• _SOURCE DATA_
== Segment start ==
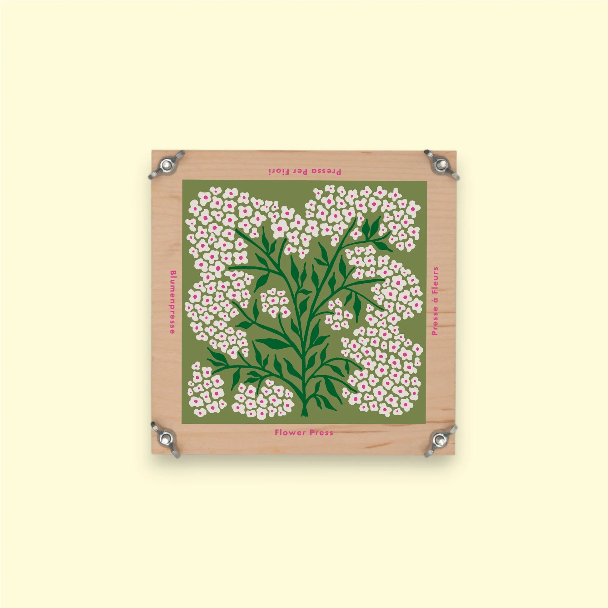 The illustration inspired by Forget Me Not flowers adds a charming touch, making it a lovely display piece while your pressings dry.
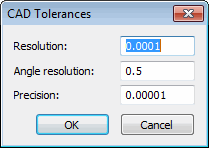 Om du väljer menyobjektet Redigera | Grafikfönster | CAD-toleranser visas dialogrutan CAD-toleranser. Med den här dialogrutan kan du visa och ändra följande CAD-toleranser som finns sparade i .CAD-filen:
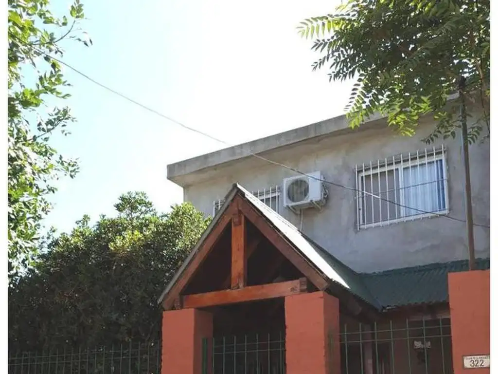 Resuelta en 2 plantas, en planta baja posee amplio living-comedor, cocina con comedor diario, dos dormitorios y baño completo; en planta alta posee un dormitorio, baño completo con bañera, amplia sala de usos múltiples y terraza. Galpón con conexión para lavarropas, parrilla, patio arbolado y espacio guarda coche para dos vehículos techado. Cuenta con estructura de losa de hormigón y escalera, paredes de ladrillo común, revoques finos a la cal, cielo raso a la vista. Los techos en planta alta de losa de hormigón, con terraza, pisos cerámicos, baños completos revestidos, cocina completa amueblada, aberturas de chapa con persianas y rejas, puertas placa con marcos de chapa. Posee dos aires tipo split y un termotanque a gas.
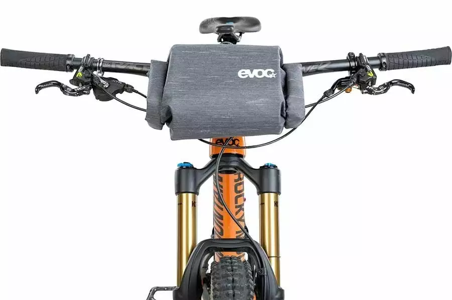 Evocin tilava ohjaustankolaukku. Laukun saa kätevästi kiinnitettyä ohjaustankoon klipseillä.
== Segment end ==
Exclude the pictures and give back the rest of the data above exactly as written.

• _EXPECTED OUTPUT_
 The illustration inspired by Forget Me Not flowers adds a charming touch, making it a lovely display piece while your pressings dry.
 Om du väljer menyobjektet Redigera | Grafikfönster | CAD-toleranser visas dialogrutan CAD-toleranser. Med den här dialogrutan kan du visa och ändra följande CAD-toleranser som finns sparade i .CAD-filen:
 Resuelta en 2 plantas, en planta baja posee amplio living-comedor, cocina con comedor diario, dos dormitorios y baño completo; en planta alta posee un dormitorio, baño completo con bañera, amplia sala de usos múltiples y terraza. Galpón con conexión para lavarropas, parrilla, patio arbolado y espacio guarda coche para dos vehículos techado. Cuenta con estructura de losa de hormigón y escalera, paredes de ladrillo común, revoques finos a la cal, cielo raso a la vista. Los techos en planta alta de losa de hormigón, con terraza, pisos cerámicos, baños completos revestidos, cocina completa amueblada, aberturas de chapa con persianas y rejas, puertas placa con marcos de chapa. Posee dos aires tipo split y un termotanque a gas.
 Evocin tilava ohjaustankolaukku. Laukun saa kätevästi kiinnitettyä ohjaustankoon klipseillä.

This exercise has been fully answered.